## Exercise brief
The output should match, line for line, the records from the line containing "10, 2024. | ||" through the line containing "Roble Engineered Wood", with every picture left out.

## Task inputs
##########
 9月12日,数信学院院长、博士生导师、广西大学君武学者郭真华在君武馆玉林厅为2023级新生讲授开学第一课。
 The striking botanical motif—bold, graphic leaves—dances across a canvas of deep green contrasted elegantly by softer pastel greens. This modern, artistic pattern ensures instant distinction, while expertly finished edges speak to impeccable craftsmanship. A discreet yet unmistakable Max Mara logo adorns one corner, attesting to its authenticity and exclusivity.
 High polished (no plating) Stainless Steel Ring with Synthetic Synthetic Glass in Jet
##########
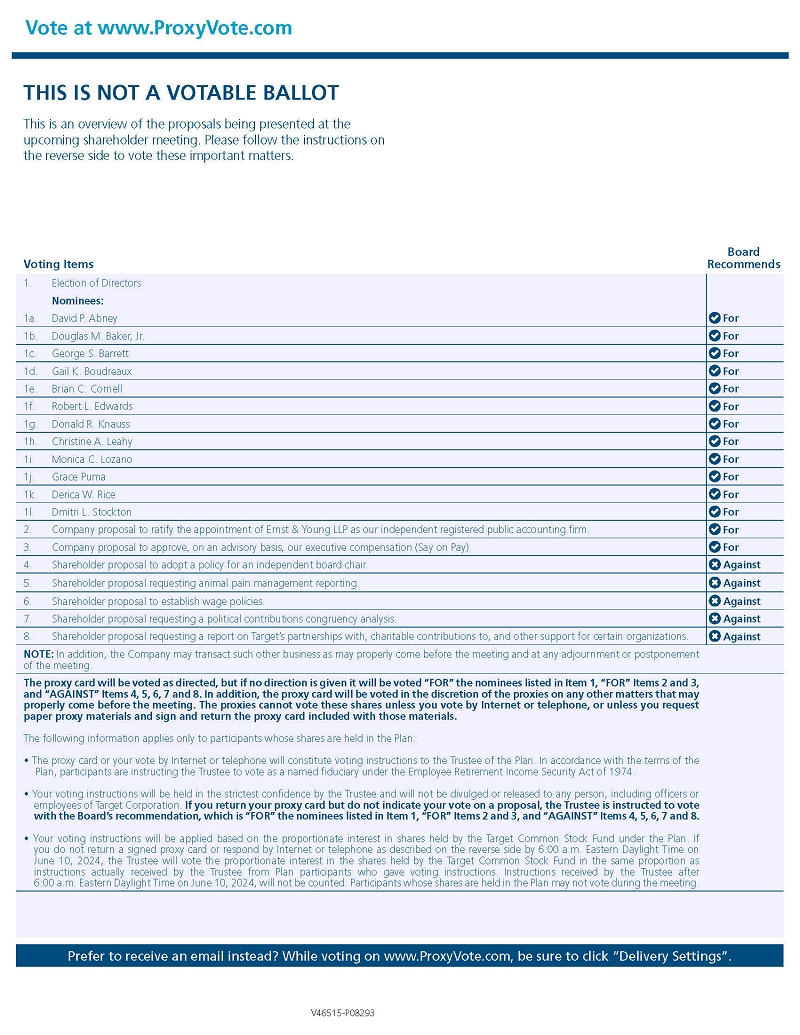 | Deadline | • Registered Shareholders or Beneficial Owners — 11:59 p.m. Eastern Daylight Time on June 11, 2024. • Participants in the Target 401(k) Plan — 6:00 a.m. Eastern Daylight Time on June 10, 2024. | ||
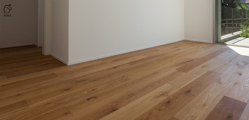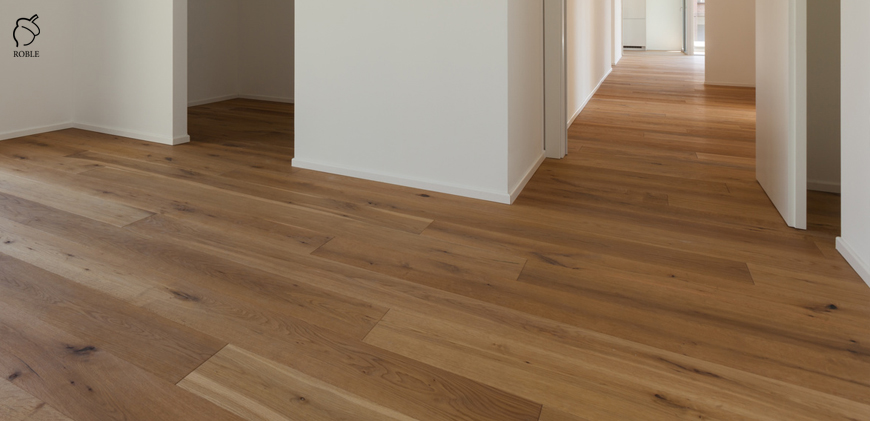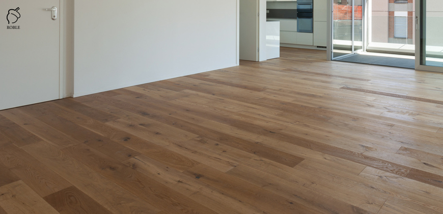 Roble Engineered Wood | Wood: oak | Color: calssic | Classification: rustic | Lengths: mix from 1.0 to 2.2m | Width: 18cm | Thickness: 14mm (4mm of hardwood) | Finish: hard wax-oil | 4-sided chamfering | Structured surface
##########
## Answer section
 | Deadline | • Registered Shareholders or Beneficial Owners — 11:59 p.m. Eastern Daylight Time on June 11, 2024. • Participants in the Target 401(k) Plan — 6:00 a.m. Eastern Daylight Time on June 10, 2024. | ||
 Roble Engineered Wood | Wood: oak | Color: calssic | Classification: rustic | Lengths: mix from 1.0 to 2.2m | Width: 18cm | Thickness: 14mm (4mm of hardwood) | Finish: hard wax-oil | 4-sided chamfering | Structured surface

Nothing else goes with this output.